## Exercise objective
Once the line with "Enter the IP" is found in the data, output it and each following line exactly, up to and including the line with "Яркий джемпер TU", and nothing before or after.

== Raw data ==

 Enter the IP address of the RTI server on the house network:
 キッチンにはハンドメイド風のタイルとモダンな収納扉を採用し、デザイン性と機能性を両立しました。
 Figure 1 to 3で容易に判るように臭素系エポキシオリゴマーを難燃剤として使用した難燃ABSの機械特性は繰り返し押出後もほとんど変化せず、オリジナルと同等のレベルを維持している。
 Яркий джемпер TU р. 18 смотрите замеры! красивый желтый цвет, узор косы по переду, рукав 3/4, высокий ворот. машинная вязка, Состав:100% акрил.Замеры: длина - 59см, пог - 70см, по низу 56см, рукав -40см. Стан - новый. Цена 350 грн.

===
== Raw data ==

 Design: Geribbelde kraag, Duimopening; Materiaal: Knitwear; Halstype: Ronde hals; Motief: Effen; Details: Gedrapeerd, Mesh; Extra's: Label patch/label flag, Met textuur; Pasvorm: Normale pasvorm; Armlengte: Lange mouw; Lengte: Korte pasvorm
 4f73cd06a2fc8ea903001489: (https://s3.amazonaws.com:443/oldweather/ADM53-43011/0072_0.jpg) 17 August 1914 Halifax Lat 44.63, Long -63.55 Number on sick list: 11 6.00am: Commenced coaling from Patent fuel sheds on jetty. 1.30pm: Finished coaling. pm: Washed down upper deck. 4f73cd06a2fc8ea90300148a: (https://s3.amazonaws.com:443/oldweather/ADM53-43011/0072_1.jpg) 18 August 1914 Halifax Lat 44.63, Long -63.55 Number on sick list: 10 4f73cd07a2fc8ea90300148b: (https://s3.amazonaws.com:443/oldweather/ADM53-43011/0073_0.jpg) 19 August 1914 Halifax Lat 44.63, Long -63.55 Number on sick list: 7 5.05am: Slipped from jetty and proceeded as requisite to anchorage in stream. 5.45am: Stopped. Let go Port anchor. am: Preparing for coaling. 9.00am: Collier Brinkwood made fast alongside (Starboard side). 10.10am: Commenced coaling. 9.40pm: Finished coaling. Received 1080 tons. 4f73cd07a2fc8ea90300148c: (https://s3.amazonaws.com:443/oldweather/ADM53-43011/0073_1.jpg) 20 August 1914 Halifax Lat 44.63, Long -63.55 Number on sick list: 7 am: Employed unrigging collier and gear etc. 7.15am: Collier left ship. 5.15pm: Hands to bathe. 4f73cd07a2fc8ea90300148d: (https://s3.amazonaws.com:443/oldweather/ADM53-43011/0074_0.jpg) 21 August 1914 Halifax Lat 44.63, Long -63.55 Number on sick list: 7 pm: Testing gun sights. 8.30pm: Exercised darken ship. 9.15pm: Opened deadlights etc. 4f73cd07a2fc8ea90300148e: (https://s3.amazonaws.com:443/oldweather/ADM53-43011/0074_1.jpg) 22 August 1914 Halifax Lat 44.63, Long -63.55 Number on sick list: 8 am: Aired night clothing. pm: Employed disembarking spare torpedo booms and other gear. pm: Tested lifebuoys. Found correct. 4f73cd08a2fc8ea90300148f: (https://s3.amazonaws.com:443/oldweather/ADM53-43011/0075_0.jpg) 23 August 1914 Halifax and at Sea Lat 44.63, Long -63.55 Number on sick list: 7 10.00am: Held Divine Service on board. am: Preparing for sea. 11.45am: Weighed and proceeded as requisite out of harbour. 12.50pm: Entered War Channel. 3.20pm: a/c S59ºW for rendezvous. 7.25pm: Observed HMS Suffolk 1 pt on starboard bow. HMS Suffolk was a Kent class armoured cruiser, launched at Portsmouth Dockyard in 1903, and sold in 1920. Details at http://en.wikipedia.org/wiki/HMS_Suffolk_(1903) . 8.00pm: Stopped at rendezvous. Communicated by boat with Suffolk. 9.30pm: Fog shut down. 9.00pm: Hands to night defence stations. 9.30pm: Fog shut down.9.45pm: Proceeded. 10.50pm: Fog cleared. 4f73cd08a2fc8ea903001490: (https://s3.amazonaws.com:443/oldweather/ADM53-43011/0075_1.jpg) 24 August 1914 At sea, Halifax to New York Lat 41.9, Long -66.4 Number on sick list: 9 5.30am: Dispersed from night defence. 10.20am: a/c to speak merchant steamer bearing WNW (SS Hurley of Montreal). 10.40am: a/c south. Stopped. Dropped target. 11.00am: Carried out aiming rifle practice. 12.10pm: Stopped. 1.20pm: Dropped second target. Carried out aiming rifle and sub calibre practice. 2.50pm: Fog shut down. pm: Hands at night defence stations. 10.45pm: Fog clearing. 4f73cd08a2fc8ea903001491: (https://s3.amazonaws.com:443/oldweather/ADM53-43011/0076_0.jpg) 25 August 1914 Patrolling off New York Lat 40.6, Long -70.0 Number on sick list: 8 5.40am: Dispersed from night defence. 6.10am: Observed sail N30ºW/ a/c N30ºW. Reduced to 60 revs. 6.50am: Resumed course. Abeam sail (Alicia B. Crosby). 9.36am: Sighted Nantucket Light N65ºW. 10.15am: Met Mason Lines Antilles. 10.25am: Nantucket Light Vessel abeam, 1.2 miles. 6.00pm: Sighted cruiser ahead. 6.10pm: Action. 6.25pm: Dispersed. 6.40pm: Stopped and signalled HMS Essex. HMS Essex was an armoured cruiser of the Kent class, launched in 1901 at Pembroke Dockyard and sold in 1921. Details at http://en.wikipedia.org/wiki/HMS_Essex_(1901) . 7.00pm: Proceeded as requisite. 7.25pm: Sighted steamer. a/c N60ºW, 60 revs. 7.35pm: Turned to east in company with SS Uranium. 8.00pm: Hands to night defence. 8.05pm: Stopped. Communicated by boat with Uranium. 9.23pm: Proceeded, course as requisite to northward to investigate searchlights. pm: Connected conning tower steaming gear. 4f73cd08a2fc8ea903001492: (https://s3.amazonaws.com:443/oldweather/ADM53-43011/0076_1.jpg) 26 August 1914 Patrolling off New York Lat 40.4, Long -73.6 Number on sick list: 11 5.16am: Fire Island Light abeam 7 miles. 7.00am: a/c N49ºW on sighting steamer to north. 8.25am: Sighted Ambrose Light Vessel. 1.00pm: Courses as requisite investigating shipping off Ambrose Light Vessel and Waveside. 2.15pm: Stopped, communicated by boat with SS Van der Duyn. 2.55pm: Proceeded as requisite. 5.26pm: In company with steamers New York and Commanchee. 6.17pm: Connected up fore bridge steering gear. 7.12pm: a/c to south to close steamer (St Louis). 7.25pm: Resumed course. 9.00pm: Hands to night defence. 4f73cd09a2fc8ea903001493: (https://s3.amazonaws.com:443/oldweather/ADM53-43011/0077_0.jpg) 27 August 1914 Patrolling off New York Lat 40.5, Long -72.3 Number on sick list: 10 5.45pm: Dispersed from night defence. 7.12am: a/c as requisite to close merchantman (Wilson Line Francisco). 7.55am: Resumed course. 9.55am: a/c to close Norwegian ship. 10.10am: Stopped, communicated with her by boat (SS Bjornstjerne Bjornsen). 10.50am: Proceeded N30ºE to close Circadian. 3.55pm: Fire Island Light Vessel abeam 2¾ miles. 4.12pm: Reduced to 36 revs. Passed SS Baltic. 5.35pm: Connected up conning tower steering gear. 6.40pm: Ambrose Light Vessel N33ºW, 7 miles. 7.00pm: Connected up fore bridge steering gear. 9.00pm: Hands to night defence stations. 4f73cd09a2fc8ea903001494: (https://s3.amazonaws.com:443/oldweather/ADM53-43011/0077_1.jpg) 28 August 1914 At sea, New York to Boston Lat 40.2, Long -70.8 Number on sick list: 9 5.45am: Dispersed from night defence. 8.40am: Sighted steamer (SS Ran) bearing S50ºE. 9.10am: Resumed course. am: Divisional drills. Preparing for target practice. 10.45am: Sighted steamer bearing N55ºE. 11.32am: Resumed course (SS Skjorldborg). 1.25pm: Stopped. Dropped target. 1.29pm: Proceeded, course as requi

===

## Solution
 Enter the IP address of the RTI server on the house network:
 キッチンにはハンドメイド風のタイルとモダンな収納扉を採用し、デザイン性と機能性を両立しました。
 Figure 1 to 3で容易に判るように臭素系エポキシオリゴマーを難燃剤として使用した難燃ABSの機械特性は繰り返し押出後もほとんど変化せず、オリジナルと同等のレベルを維持している。
 Яркий джемпер TU р. 18 смотрите замеры! красивый желтый цвет, узор косы по переду, рукав 3/4, высокий ворот. машинная вязка, Состав:100% акрил.Замеры: длина - 59см, пог - 70см, по низу 56см, рукав -40см. Стан - новый. Цена 350 грн.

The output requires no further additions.